Instructions
Making the Box Frame
- Lay the object down on the work surface. As you form the initial square frame outline (in step 2), lay it around your object to make sure the height and width will hold your object. You can build in as much or as little space as you want for your object to move around, but due to the nature of the wrapping, the bottom crossbars and the top arms need to be similar lengths to each other (i.e., you can’t make a wide flat rectangle).
- Use wire cutters to flush trim the tips of the 22-gauge wire. Use chain-nose pliers to form a 90°angle about 3-1⁄2" (8.9 cm) from one end. Bend another 90° angle about 5⁄8" (1.5 cm) away from the first bend so the sides are parallel (see photo). Straighten the sides with your fingers. In general, keep pulling the wire straight with each bend.

- About 1" (2.5 cm) up each side, use chain-nose pliers to bend the wires towards each other at 90° angles to block out a rectangle (see photo). Your object needs to fit within this outline, so adjust measurements if needed.

- Bend the short tail straight up at a 90° angle from the center of the top edge to form a stem (see photo). The distance from the top rectangle corner to this stem is what we refer to as the top arm length; there will be four of these.

- Use chain-nose pliers to hold the long wire where it crosses the stem, creating the second arm (see photo). Form a 90° angle that sits perpendicular to the stem.

- Holding the chain-nose pliers at the top arm-length distance, bend another 90° angle in the long wire so it points straight down to form the third side (see photo). Try to make this top edge arm about same length as the two others.

- Use chain-nose pliers to bend the long wire at a 90° angle so it crosses under the rectangle frame (see photo). Try to get these bottom wires to touch if possible.

- Use chain-nose pliers to bend the wire at a 90° angle so it’s pointing up towards the top again (see photo). Try to make the bottom cross bars the same length.

- Straighten the side and bend the wire at a 90° angle towards the stem to form the fourth top arm. Form the bend so the wire hits the stem above the first wire you bent around the stem (the third arm) in step 3.
- Use chain-nose pliers to firmly hold the wire in position at the point where it meets the stem. Coil the long end snugly around the stem, using chain-nose pliers to tighten the coil after the first wrap, and then coil twice more. Use wire cutters to flush cut the wire and use chain-nose pliers to tuck in the tail (see photo).

Wrapping the Box
- Use wire cutters to flush cut 24" (61 cm) of 26-gauge wire. Starting at the bottom of the box, leave a short tail and wrap the wire diagonally at the crossing point of the two cross bars to secure them together (see photo).

- Use wire cutters to flush cut the tail and use chain-nose pliers to tuck it to the inside.
- Establish the bottom center of the box by wrapping the wire over and once around each rib (see photo). Support and hold the frame by putting a finger inside if possible; try not to squeeze the ribs from the outside or the frame will distort. Hold the point where the wrapping wire crosses the rib and pull the wrapping wire tightly around each rib, lining up the wraps closely.

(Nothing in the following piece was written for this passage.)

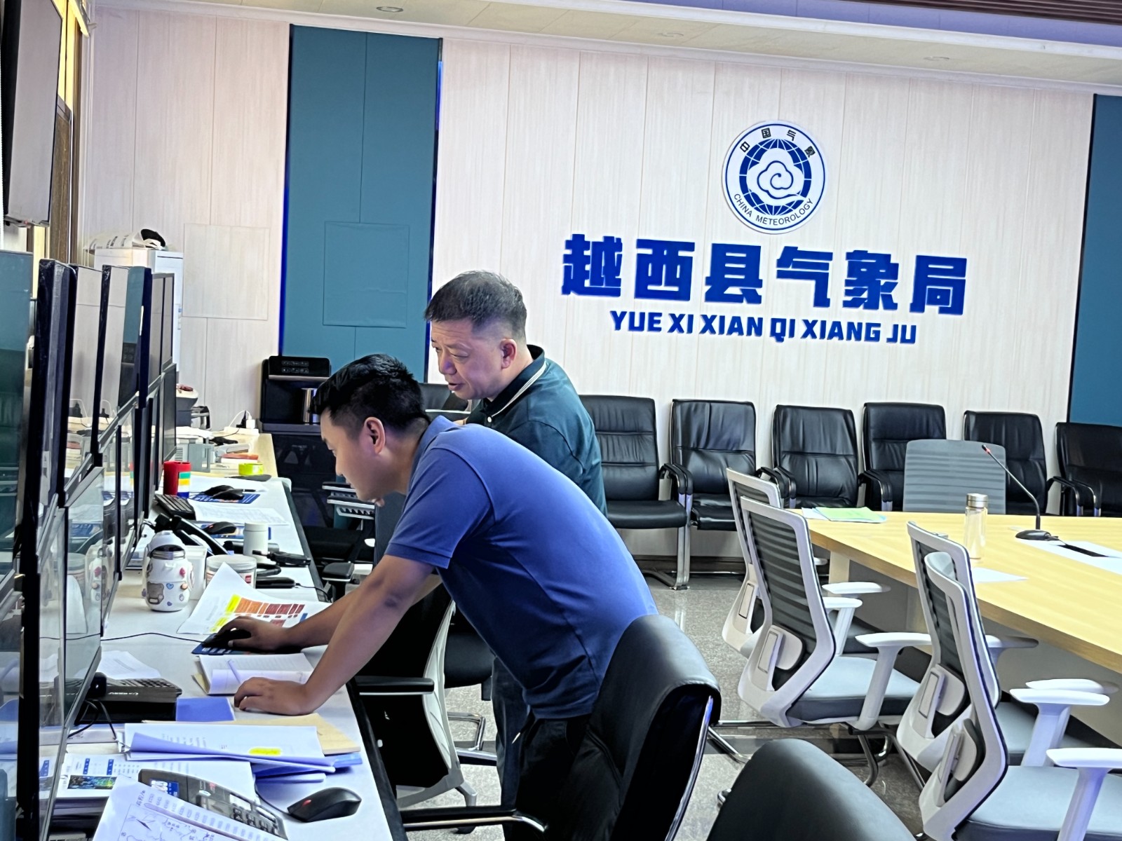進(jìn)入越西縣氣象局,葉勁馳一行進(jìn)入越西縣國(guó)家氣象站、縣氣象服務(wù)中心,實(shí)地查看了越西縣雨情信息收集系統(tǒng),深入了解預(yù)警信息制作、發(fā)布和氣象數(shù)據(jù)的采集、傳輸、處理等全流程信息化建設(shè)情況。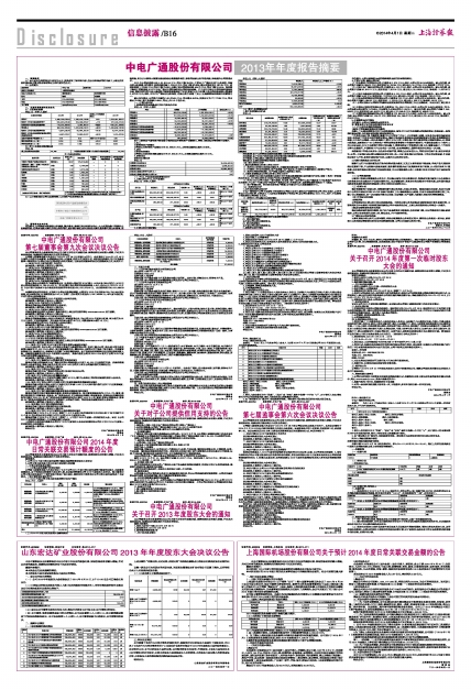 | 1 | 中电广通股份有限公司2013年度利润分配预案 | 1.00元 | 1股 | 2股 | 3股 |

- As the center grows to about the midpoint of the bottom crossbars, start to open up the wrapping and occasionally thread a bead onto the wire between wraps. Still pull the wrapping wire tight, but space the wraps away from each other by holding the wire as you wrap around the rib. Note: Keep sliding the crossbars so they are centered. If one bar becomes a lot longer, make a double coil around that rib to keep the wrapping fairly even to the corners.
- Wrap the bottom until each corner is covered. Leave the wrapping wire dangling.
- Coil the end of the remaining 26-gauge wire tightly around one of the top arms. Choose a long arm and one that is in a low position compared to the others. Be sure to coil the wire so that the working end will be wrapping in the opposite direction as the bottom wrapping wire when looking down from the top (see photo).

- Use wire cutters to flush cut the tail and use chain-nose pliers to tuck it to the inside.
- Wrap the top in the same way as the bottom, starting tight and then opening up (see photo). Wrap in an open manner and occasionally thread beads onto the wrapping wire to the corners and then down the sides one or two times around the form.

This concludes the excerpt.